Film adı: Ekümenopolis: Ucu Olmayan Şehir
Yapım Yılı: 2011
Yönetmen: İmre Azem
Süre: 88 dk
Türü: Belgesel
Ekümenopolis: Ucu Olmayan Şehir, modernleşmenin ve kapitalizmin ekonomik ve sosyal etkilerini İstanbul üzerinden ele almaya çalışan bir belgesel. Belgeseli kapsamlı ve başarılı bulmakla birlikte bitirir bitirmez aklımda şu başlık belirdi: Sürdürülemez Şehir İstanbul. Peki neden sürdürülemez? Bunun cevabını bulmak için öncelikle sürdürülebilirlik nedir diye bakmamız lazım. Sürdürülebilirlik Brundtland Komisyonu raporuna göre “Bugünün gereksinim ve beklentilerini, gelecek nesillerin kendi gereksinim ve beklentilerini karşılayabilme olanaklarından ödün vermeksizin karşılayabilmek” (WCED, 1987) anlamına gelmektedir. Ekolojik krizin fark edilmeye başlandığı dönemde ortaya çıkan bu kavram, bu krizin çözülememesi ve tam tersine artması ile hayatımızda önemli bir yer kaplar oldu. Giderek kavramsallaşması ile sürdürülebilirlik ve sürdürülebilir kalkınma; ekonomik kalkınma, sosyal gelişme ve çevre koruma olarak 3 boyutta incelenmeye başlandı. Ben de Ekümenopolis belgeselini bu üç başlık altında inceleyerek neden İstanbul’un neden sürdürülemediği konusunda fikirlerimi açıklayacağım. Öncelikle İstanbul’u bu noktaya getiren yakın tarihine bir bakalım.

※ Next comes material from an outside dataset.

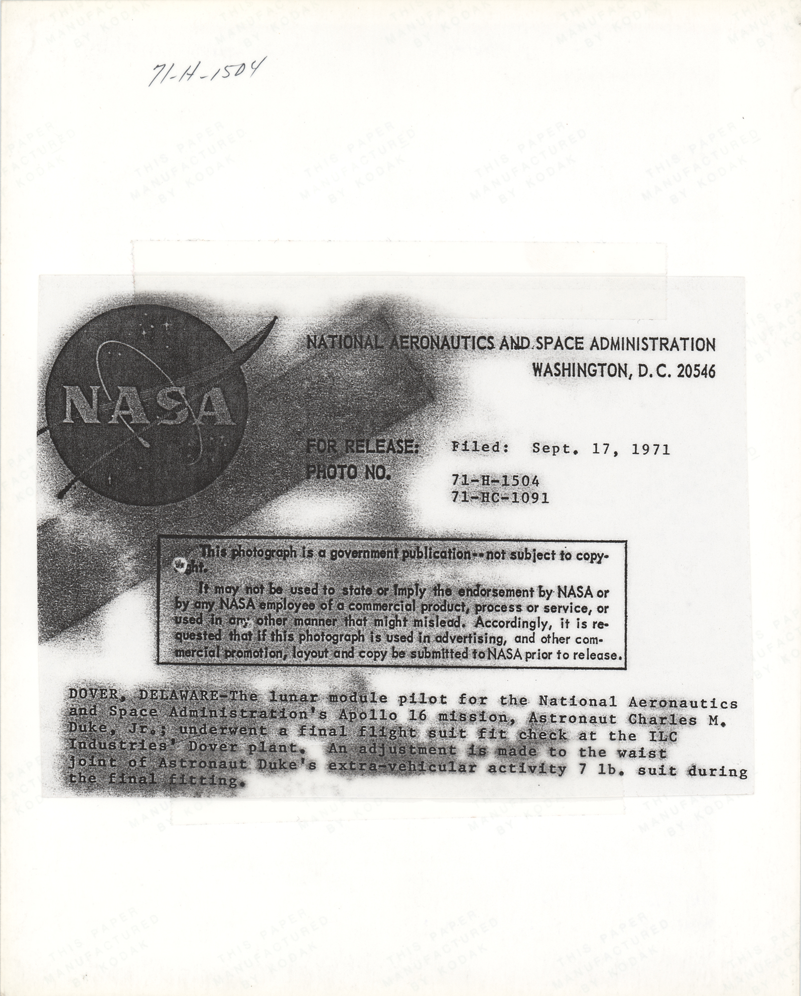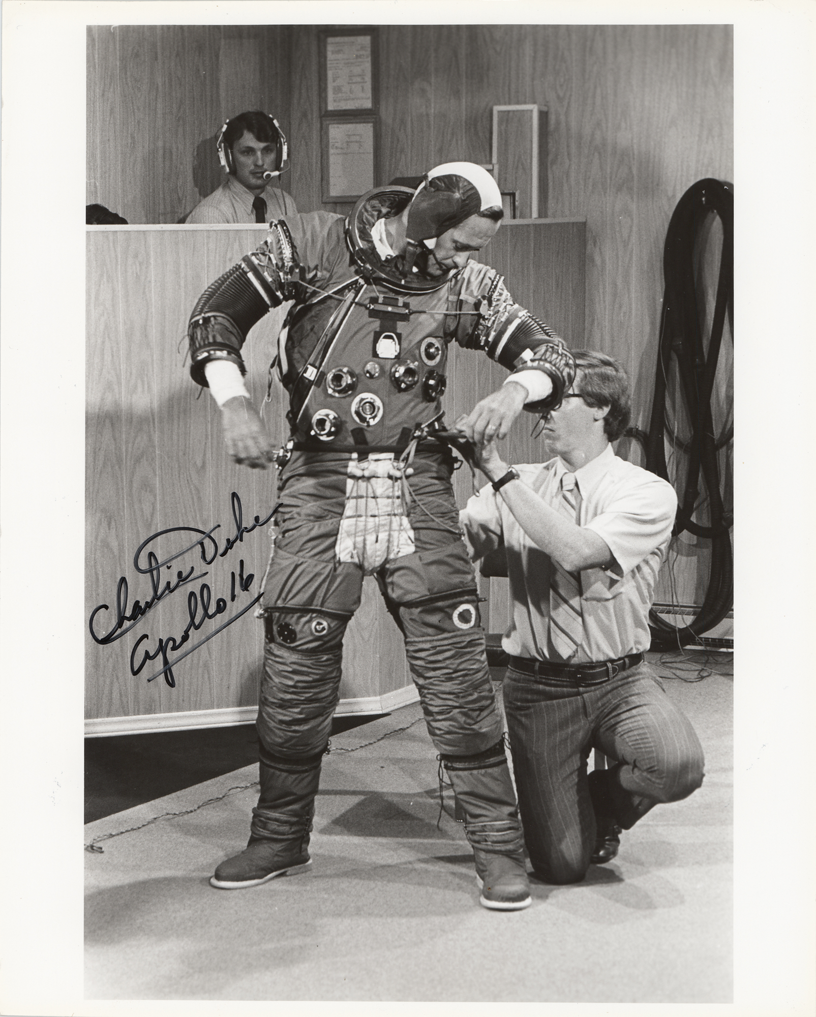 Official glossy 8 x 10 NASA photo of Charlie Duke undergoing a final flight suit fit check at the ILC Industries Dover plant, signed in black felt tip, "Charlie Duke, Apollo 16." Reverse bears "This Paper Manufactured by Kodak" watermarks and an affixed NASA caption. In fine condition.

Kapitalizmin pazar ihtiyacı küreselleşmeyi yarattı. Küreselleşmenin bir sonucu olarak dünyadaki büyük olaylar ve krizler aynı ekonomik sistemde olan her ülkeyi çeşitli şekillerde etkiledi. Türkiye’de de durum farklı değildi. İkinci Dünya Savaşı bitiminde dünya iki kutba ayrıldı. Bir tarafta süper güç olarak beliren Amerika varken öbür yanda ise komünist Sovyetler Birliği vardı. O dönemde liberal politikalar yürütmek isteyen Türkiye, Amerika’yı tercih etti. Bu tercih İstanbul’u, o zamanlar Sovyetler ile özdeşleştirilen demir yollarının tasfiye edilmesi ve onun yerine otoyollar yapılması şeklinde etkiledi. Bu, Marshall yardımları ile de desteklendi. Marshall yardımları ile tarımda makineleşme arttı ve bunun sonucunda iyice fakirleşen yoksul köylü nüfus, itici göç ile büyük şehirlere yöneldi. 60’lı yıllarda yapılan sanayi atılımları bu sefer çekici göç etkisi yaparak köylerden şehirlere göçü arttırdı. Bu göçü en çok alan şehir ise yine İstanbul’du. Kırdan gelenler ucuz işçi gücü olarak sanayileri doldurdu. Aynı zamanda da sanayilerin çevrelerine yerleşerek gecekonduları oluşturdular. Gecekondular, sanayiciler ve onlarla iyi ilişkiler kuran hükümet için mantıklı idi çünkü işçiye kirada kalabilmesi için yeterli para vermesine ya da işçi konutları yapmasına gerek kalmıyordu. 70’lerde Amerika’da patlak veren petrol krizi Türkiye’yi doğrudan etkileyerek ülkeyi ciddi bir ekonomik krize soktu. Bu krize cevap olarak Dünya’da ve Türkiye’de sermayeyi kurtarması için neo-liberalizm uygulanmaya başlandı. Neo-liberal politikalarla özelleştirilen devlet birikimleri üretici olmaya çalışan Türkiye’yi bu konumdan çıkararak hizmet sektörüne ve tüketime yönelmesine sebep oldu. Gelir uçurumu ve emlak rantı arttı. Bu, İstanbul’da vahşi bir kentleşmeyi beraberinde getirdi. İkinci köprünün yapılması, alışveriş merkezleri, yeni yollar, yeni binalar kenti hızla değiştirdi. Hala devam etmekte olan bu politikalar kenti aynı şekilde değiştirmektedir. Peki bu değişim ekonomik olarak sürdürülebilir midir? Bunu anlamak için şu an uygulanan politikaları daha detaylı incelememiz gerekir.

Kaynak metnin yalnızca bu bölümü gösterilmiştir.